- Born: María Justa January 6, 1667 La Victoria de Acentejo, Tenerife
- Died: 1723 (aged 55–56) La Orotava, Tenerife
- Occupations: Nun and mystic

= Sister María Justa de Jesús =

Spanish Franciscan nun and mystic

María Justa de Jesús (January 6, 1667 - 1723) was a Spanish Franciscan nun and mystic who was tried as a witch during the Inquisition.

== Early life ==
She was born in La Victoria de Acentejo on the north of the island of Tenerife in the Spanish Canary Islands. She trained as a Franciscan in the Saint Joseph Convent in La Orotava. Her life was involved in mysticism and controversy.

== Career ==
The Holy Inquisition tried her as a witch. She was accused of practicing Molinist doctrines. It was hinted that the relationship with her confessor was not appropriate for a religious person. Her biographer and confessor, Andrés de Abreu, burned the biography he had written about her.
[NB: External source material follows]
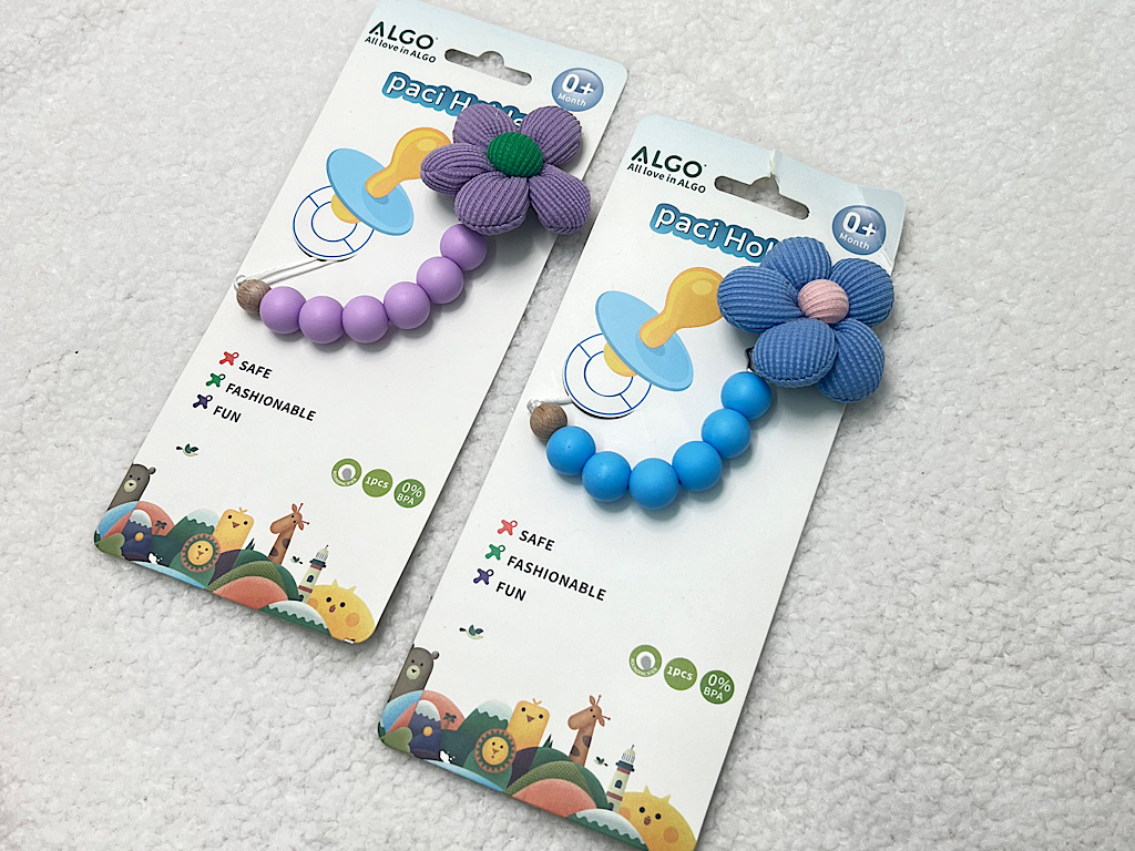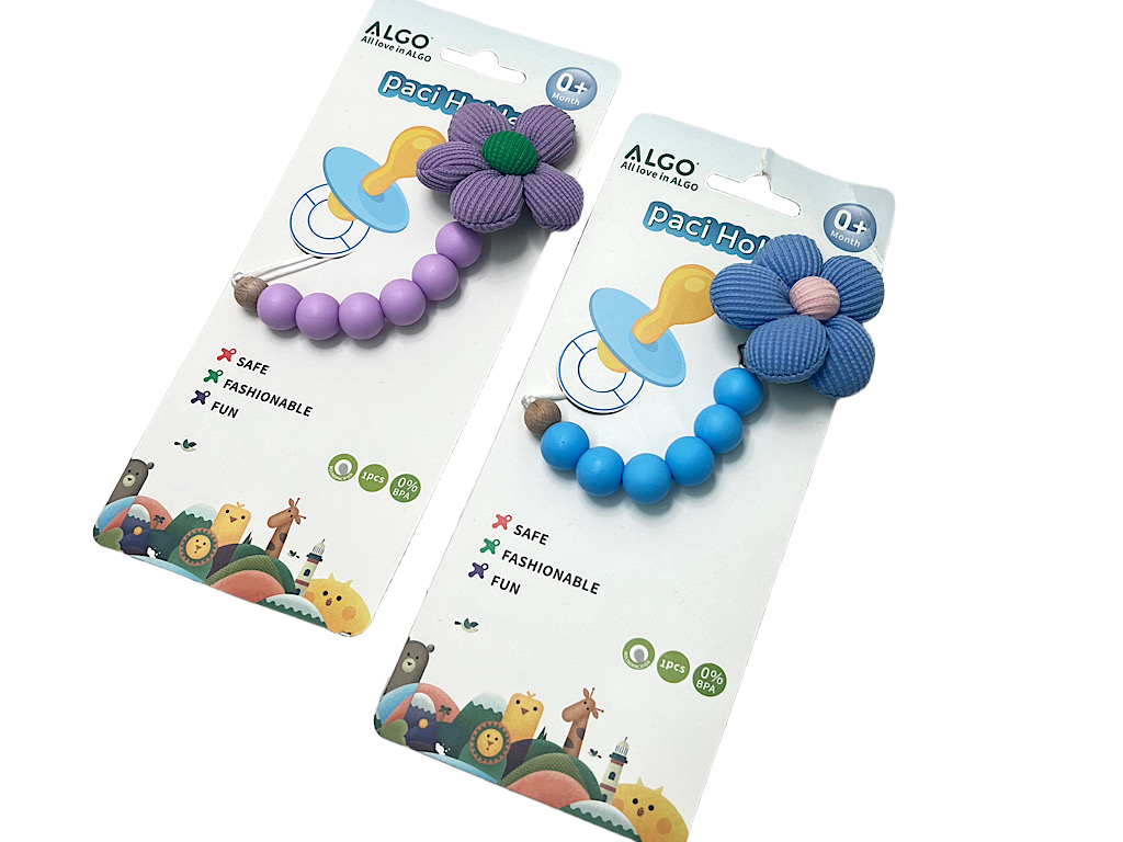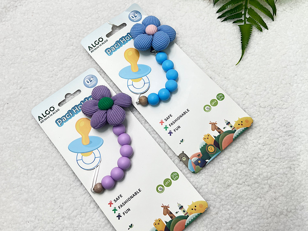 این محصول به صورت مهره های سیلیکونی بوده که انتهای آن یک مهره چوبی و ابتدای محصول دارای یک گل از جنس پارچه میباشد.

However, Dominican friar Jose Herrera said that among her virtues was to give sight to the blind, to make the deaf hear, the mute to speak, heal the lame, heal diseases and expel demons.
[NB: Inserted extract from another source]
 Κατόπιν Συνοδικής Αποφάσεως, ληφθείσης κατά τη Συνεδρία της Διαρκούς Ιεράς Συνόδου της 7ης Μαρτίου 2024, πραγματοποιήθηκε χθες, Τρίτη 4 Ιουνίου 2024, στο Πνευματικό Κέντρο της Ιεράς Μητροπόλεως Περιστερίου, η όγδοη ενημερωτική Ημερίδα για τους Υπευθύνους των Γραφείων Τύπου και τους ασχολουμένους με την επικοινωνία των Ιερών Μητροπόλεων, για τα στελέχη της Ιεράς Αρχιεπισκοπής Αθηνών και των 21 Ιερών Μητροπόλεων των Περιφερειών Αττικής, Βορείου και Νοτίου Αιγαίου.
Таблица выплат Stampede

Sr. Maria Justa healed the sick by transferring to her person the evils and diseases that afflicted them. Shamanic priests in other cultures used analogous techniques to cure convalescents. That similarity fed the suspicions of those who called her an "alumbrada". During these healings, the nun suffered multiple ailments, covering her body in sores and elevating her body temperature, which brought her to the brink of death.

== Death ==
Sister Maria Justa died in 1723. According to the chronicles of the time, her body showed signs of sanctity, such as flexibility, pleasant fragrances and fluidity of her blood. After her death, the Franciscan Order in the Canary Islands conducted a process of canonization that was later halted.

== Alumbrados ==
Her case was ascribed to the phenomenon of the "Alumbrados" that arose in small Castilian towns two centuries earlier. These were people who professed doctrines considered heretical by the Catholic Church, believing that union with God came only through mystical experiences and private prayer, without the need for Church sacraments.